The answer must consist only of the lines from the line with "With version 5.2, a" to the line with "Following his victory", both included, exactly as they stand below.

- Task material
----

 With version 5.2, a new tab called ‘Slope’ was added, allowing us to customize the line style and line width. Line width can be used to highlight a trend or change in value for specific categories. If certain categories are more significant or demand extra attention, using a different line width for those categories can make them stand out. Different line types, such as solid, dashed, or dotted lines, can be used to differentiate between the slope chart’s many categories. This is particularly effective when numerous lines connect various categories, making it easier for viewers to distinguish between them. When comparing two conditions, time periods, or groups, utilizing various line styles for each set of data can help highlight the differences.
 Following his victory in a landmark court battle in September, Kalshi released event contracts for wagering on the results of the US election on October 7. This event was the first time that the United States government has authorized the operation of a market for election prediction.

----

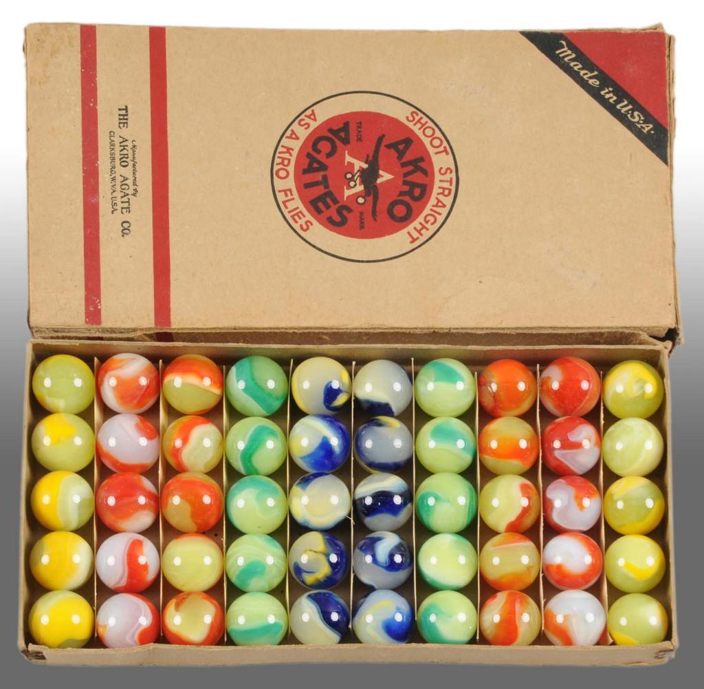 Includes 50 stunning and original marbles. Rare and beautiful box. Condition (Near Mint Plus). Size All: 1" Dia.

----

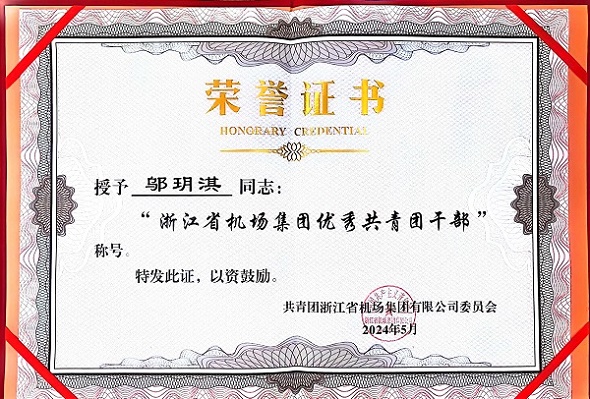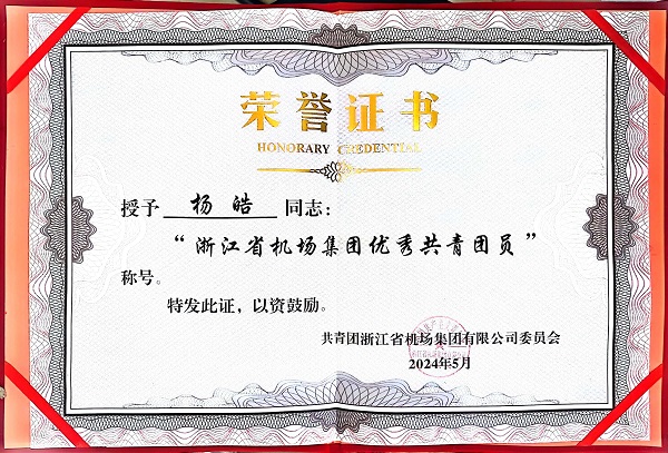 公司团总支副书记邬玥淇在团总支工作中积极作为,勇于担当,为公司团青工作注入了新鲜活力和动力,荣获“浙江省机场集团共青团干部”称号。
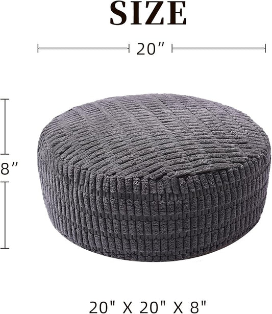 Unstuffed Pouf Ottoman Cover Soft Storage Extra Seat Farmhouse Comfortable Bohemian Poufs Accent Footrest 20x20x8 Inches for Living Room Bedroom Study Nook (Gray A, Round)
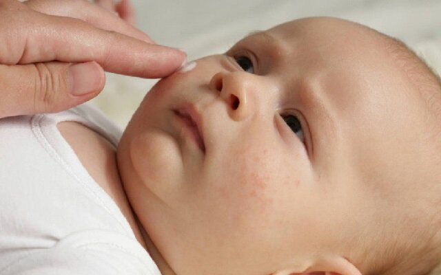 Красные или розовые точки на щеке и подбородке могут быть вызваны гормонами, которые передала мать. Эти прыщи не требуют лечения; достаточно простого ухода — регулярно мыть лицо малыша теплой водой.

----

- Answer for this exercise
 With version 5.2, a new tab called ‘Slope’ was added, allowing us to customize the line style and line width. Line width can be used to highlight a trend or change in value for specific categories. If certain categories are more significant or demand extra attention, using a different line width for those categories can make them stand out. Different line types, such as solid, dashed, or dotted lines, can be used to differentiate between the slope chart’s many categories. This is particularly effective when numerous lines connect various categories, making it easier for viewers to distinguish between them. When comparing two conditions, time periods, or groups, utilizing various line styles for each set of data can help highlight the differences.
 Following his victory in a landmark court battle in September, Kalshi released event contracts for wagering on the results of the US election on October 7. This event was the first time that the United States government has authorized the operation of a market for election prediction.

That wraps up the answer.